One of the major employment reforms heralded in the Enterprise and Regulatory Reform Act 2013 is a provision allowing employers and employees to enter into confidential discussions about the termination of employment, prior to any dispute having arisen, without the fear that those discussions will be admissible in any later employment tribunal claim. The recently published Acas Code of Practice on settlement agreements is designed to help understand the law when the provision comes into force later this summer (no specific date has been announced).
The Code is short and only applies to these confidential settlement agreements, so does not cover settlements generally. The new law offers limited protection from admissibility in tribunal proceedings. Where there is “improper behaviour” in relation to the settlement agreement discussions, evidence on negotiations will be admissible unless the tribunal considers it just to exclude it.
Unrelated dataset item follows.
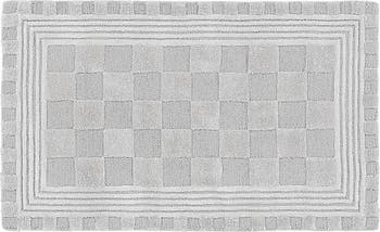 The brand's signature checks are framed by concentric rectangles on this tonal rug that puts subtle style under every step.
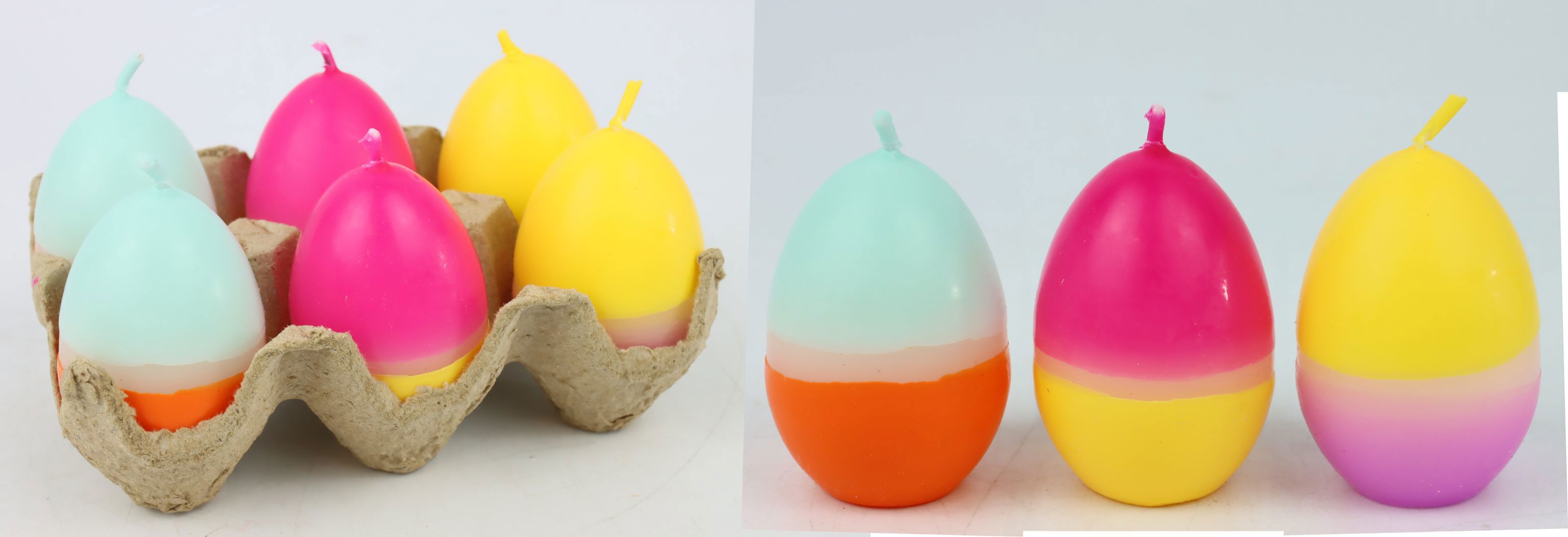 - Set de 6 coloridas velas huevo, ideales para la decoración de Pascua y primavera

There is one significant change to the way many employers currently handle termination negotiations. The Code suggests that employers should allow employees to be accompanied at the negotiation meeting by a work colleague, trade union official or trade union representative. Although the Code expressly recognises that this is not a legal requirement it states that “allowing the individual to be accompanied is good practice and may help to progress settlement discussions”. For many employers opening up delicate negotiations in front of a third party will be a significant change. Another interesting change is that the Code sets down a general rule that a minimum of ten calendar days should be allowed to consider the proposed formal written terms of a settlement agreement and to receive independent legal advice.
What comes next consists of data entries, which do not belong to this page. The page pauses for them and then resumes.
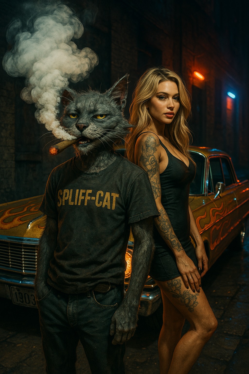 Male rap vocal with rapid-fire West Coast cadence, aggressive stutter catches, dense internal rhymes, tight triplet flows, and clear enunciation even at high BPM, Tone confident, smoky, cocky, slightly comedic gangster energy, Delivery sharp, forward, rhythmically locked with the drums, No melody singing, Beat: West Coast lowrider vibe mixed with modern fast rap, Heavy 808s tuned at 45 to 55Hz, punchy kick, crisp snare, hydraulic-style SFX, vinyl crackle accents, deep sub slides, and G-funk inspired synth leads, Tempo fast but steady, Mix: wide stereo, clean transients, strong low-end weight, light saturation on vocals, minimal reverb, Hook sections more anthemic with chant-like cadence, Overall feel: cruising in a โ64 Impala, high energy, weed-cloud swagger, Backup โmeow meowโ, โ ainโt no kittenโ, โone life leftโ
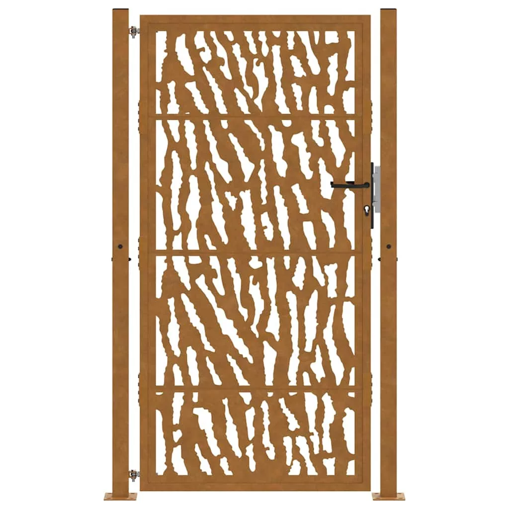 Ez a kertkapu az erős szerkezet és a elegancia tökéletes ötvözete, így ideális bejárat lehet a kertjét vagy teraszát körülvevő kerítéshez. Nagy teherbírású konstrukció: Ez a kerítéskapu időjárásálló acélból készült. Az időjárásálló acél természeténél fogva korróziógátló hatású. Az első légköri hatásnak kitéve rozsdás védőréteget hoz létre a korrózió ellen. Így nem kell festeni. Ezzel megtakaríthatja a karbantartási és javítási költségeket. Az időjárásálló acél jellegzetes barna színe minden bizonnyal szemet gyönyörködtető lesz. Végül, az időjárásálló acél rendkívül tartós, és kiállja az idő próbáját.Lézervágásos dizájn: A biztonsági kapu gyönyörű lézervágással rendelkezik, amely egyedi bájt kölcsönöz otthonának.Zárható kialakítás: A kültéri kapu robusztus zárrendszerrel van felszerelve, amelyhez három megfelelő kulcs tartozik, így garantálva, hogy a teraszkapu biztonságosan zárható.Könnyen összeszerelhető: A bejárati kapu két oszloppal, karimás lapokkal és szerelési tartozékokkal érkezik az egyszerű telepítés érdekében.Széles körű alkalmazások: A fémkapu tökéletesen alkalmas kerti bejáratok, kocsifelhajtók és bármilyen ingatlanhatár javítására, a funkcionalitás és a vizuális vonzerő kombinálásával. Jó tudni:Ez a termék még nem rozsdásodott és normál fémszínű, amikor megkapja, de idővel rozsda fog keletkezni rajta. Felgyorsíthatja a rozsdásodási folyamatot, ha szappanos vízzel és sós vízzel permetezi be. Annak érdekében, hogy ruhái foltmentesek maradjanak, kerülje az érintkezést a kialakuló rozsdaréteggel.
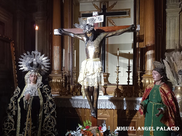 Empezamos arriba y abajo en la Iglesia de San Francisco "El Nuevo" viendo el Besamano a la Virgen de los Dolores de la Hermandad de la Vera Cruz.
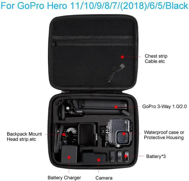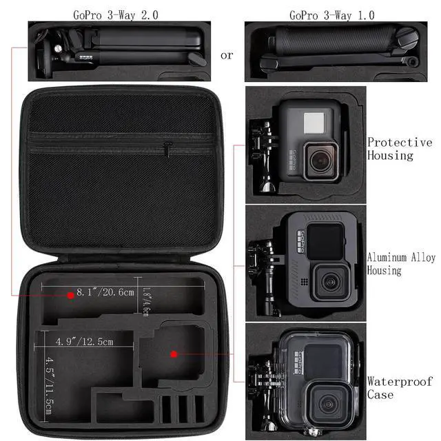 FITS SIZE: Stores your Gopro camera and case along with some other essential accessories. Keep your GoPro and accessories safe, protected and organized. Compact and easy to store in a backpack or carry-on, recommended for travel and home storage.
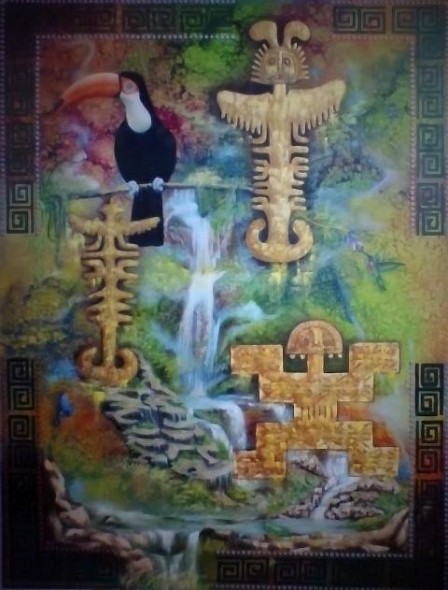 obra con tematica precolombina y alusiva a la naturaleza como riqueza universal

An original suggestion was that the Code should also include standard template letters but these and other issues (such as guidance on the interaction between settlement agreements and other workplace procedures) are now to be left to non statutory guidance which will be published later.
The Code is a statutory code. This means that failure to follow the Code does not in itself make a person or organisation liable to proceedings - but employment tribunals will take the Code into account when considering relevant cases.
Although the introduction of this “confidential” provision has been headline grabbing, its scope is quite narrow. It only applies to unfair dismissal claims so negotiations relating for example to discrimination or breach of contract are not covered. Claims that relate to automatically unfair reasons for dismissal (such as whistle blowing or union membership) are also not covered. These provisions, however, run alongside the existing without prejudice principle. Discussions need to be carefully planned and handled if they are to attract the without prejudice privilege and advice should be sought.